Я не был уверен, будет ли хорошим тоном с ним не согласиться, даже если он был абсолютно прав, поэтому ничего не сказал.

Марк Дж. Бернхем подался вперед. Его глаза быстро вспыхнули на свету.

– Как ты смотришь на то, чтобы спасти мир, сынок?

Я ожидал, что он рассмеется. Когда он этого не сделал, я спросил:

– Это еще одна шутка?

– Нет, Траки. К сожалению, на этот раз я говорю серьезно. – Окна позади него были окрашены в тускло-синий цвет стандартного домашнего экрана: закольцованный рекламный ролик компании безмолвно отражался в них, отбрасывая на потолок странные узоры.

Какое-то мгновение я просто сидел, уставившись на него. Мне казалось, что мой язык – это мокрое полотенце. Наконец мне удалось выдавить из себя какие-то звуки.

– Боюсь, что не понимаю, сэр.

Он откинулся на спинку кресла, позволив рукам отбивать ритм по подлокотникам.

– Скажи мне, Траки, что тебе известно о Премии Бернхема?

Меня спросили о премии Бернхема уже второй раз менее чем за двадцать четыре часа – и все равно это был последний вопрос, который я ожидал услышать.

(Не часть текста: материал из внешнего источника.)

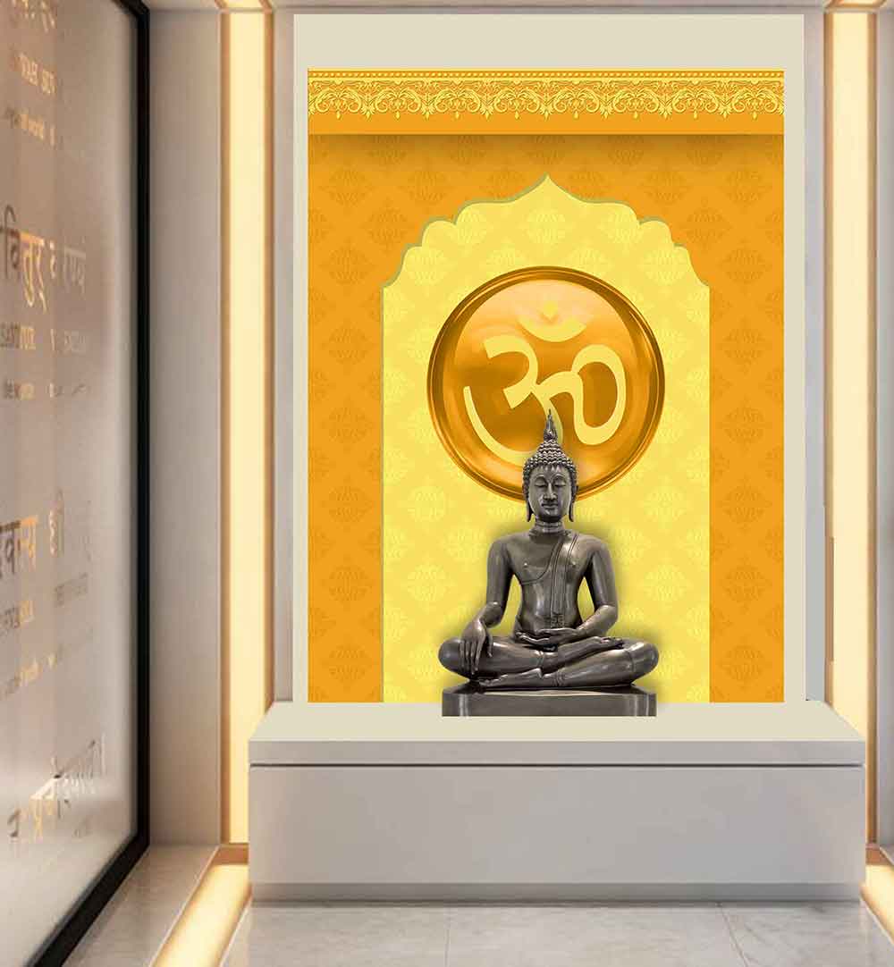 Beautiful Mandir Wall backdrop on high quality wallpaper vinyl sticker impart a divine ambience to your Puja room.
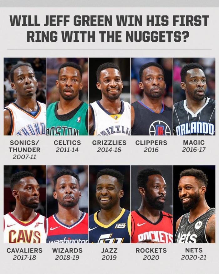 职业生涯至今,36岁格林16年已经换了11支球队,先后为雷霆、凯尔特人、灰熊、快船、魔术、骑士、奇才、爵士、火箭、篮网和掘金效力。
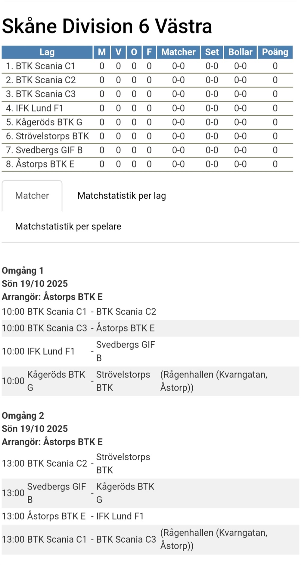 Precis som vanligt så måste 3 spelare kunna varje sammandrag, optimalt att vara 5-6 i laget.

– Я знаю то же, что знают все, – осторожно сказал я. – Я знаю, что президент Бернхем… – тут я сделал паузу, – первый президент Бернхем хотел найти способ победить смерть.

– Отлично. – Он улыбнулся мне так, как улыбаются Менеджеры по здравоохранению, когда диагностируют последнюю стадию рака, словно, обретя бодрость духа, я мог бы обмануть себя, решив, что якобы чего-то достиг. – Ты и представить себе не можешь, какую гонку технологий она породила. Весь мир принимал в ней участие. Они называли ее Гонкой за вечностью. Каждая развитая страна поставила перед собой единственную цель – победить.

– Но никто так и не победил, – сказал я.

На долю секунды, когда он посмотрел на меня, я увидел, как в этой высохшей оболочке тела что-то свернулось и залихорадило. Затем президент Бернхем снова расслабился в своем кресле.

– Никто, – сказал он со смешком. – Никто не победил. На самом деле я думаю, что можно с уверенностью утверждать, что мы все проиграли. – Затем: – Кранч Юнайтед© наводнил рынок даймофосфилазой с целью получения прибыли, но ему удалось лишь сделать ее практически бесполезной, что, конечно, породило целое поколение даймоманов. Когда в компании не оставалось денег, отец использовал казначейство как личную копилку. Он пообещал претенденту на победу половину бюджета Соединенных Штатов. Ты слышал об Альберте Коуэлле?

Я едва не рассказал ему, что все утро мне по ушам ездила говорящая скотина, и все благодаря Альберту Коуэллу. Но я только кивнул головой.

– Его называют Волшебником Западного побережья. Он блестящий человек и друг Корпорации – добрый друг, несмотря на внешность. – Он посмотрел мне в глаза, чтобы убедиться, что я понял подтекст: друг, натурализовавшийся в стране, которая была крупнейшим конкурентом Федеральной Корпорации на международной арене, может быть даже агентом. – Вообще, он и правда подобрался очень близко. Ему удалось провести пересадку мозга между приматами, хотя и не без последствий. Но этого было мало, да и слишком поздно… – Улыбка президента стала уже. – Ты знаешь, что случилось потом, Траки?

– Конечно, – ответил я. – Это и было началом распада страны.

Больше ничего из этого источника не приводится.